地元のMuさんにとり、蛇塚古墳は書きにくいテーマでしたかね。なんせ、地元で子供の頃は古墳の周りを走り回っておられたのでしょうね。
巨大な横穴式石室と前方後円墳という事で驚きました。秦氏の力は絶大だったのでしょうね。小野妹子の小野氏、小野篁、小野小町、坂上田村麻呂の坂上氏 等々の氏族は秦氏グループではなかったでしょうか。
平安時代以降の秦氏を徹底的にしらべましょう。
投稿: jo | 2008年1月15日 (火) 21時39分
Joさん
遅れた投稿でした。
ところで、小野氏は近江関係の図書にごっそりたくさん記事がありました。
田村麻呂さんのことは、平安京に関係が深いですね。
歴史趣味にすると、生きている間には解けない問題がいっぱいありすぎて、ストレスになりそうです。
ロボットや機関車は、しかるべき手を打つと動きますし、PCもそれなりに速くなりますからね。

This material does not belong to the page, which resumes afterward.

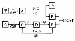 23.(9分)甲、乙、丙为常见单质,组成乙、丙的元素是周期表中同一主族的短周期元素, A、B、C、D、E、F均为常见化合物,A、B、F的焰色反应为黄色,各物质转化关系如下图所示:
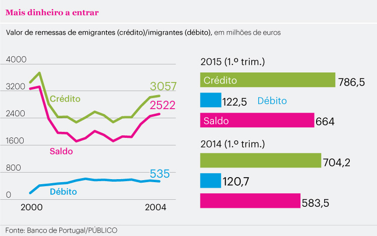 O saldo líquido entre o dinheiro enviado para o país por portugueses no estrangeiro e os valores que os imigrantes mandam de Portugal está em máximos dos últimos 13 anos, tendo atingido os 2522 milhões no ano passado. Em 2005, este indicador, tradicionalmente positivo, estava nos 1717 milhões.

ともかく今後は上京するたびに、行き先を考えておいてください。
投稿: Mu→Jo | 2008年1月16日 (水) 04時32分
(蛇塚の雨)
おっ!しばらくブログを見るのも書くのもさぼっていましたところ、面白いミニ映画が上映されているではありませんか(笑)。
怪しげなナレーターと、イケメン俳優出演ですね。
ん?もう一方足りないんじゃ?やっぱり、今度は風雪梅安ご一家みなさま全員の映画が見たいですねぇ。
大変な雨の中での撮影、ご苦労さまでした。
投稿: wd | 2008年1月16日 (水) 08時45分
WDさん、こんにちは
雨は雨なりによい風情でした。特に木嶋神社はよかったです。蛇塚は上からぽたぽたとありましたが、帽子でしたから。庵主さんは傘さしてました。
風雪梅安一家が勢揃いしないのは、寂しいものですね。ただし、梅安さんは幾分古代史が他人行儀なので、こういうディープな探検には不向きかもしれません。さっさと、「めなみ」などに放り込んでおいて、別行動するのが正しいわけです。
梅安さんは、ちょっとレトロな巷が一番お好きなようです。
またそういう機会もあると思います。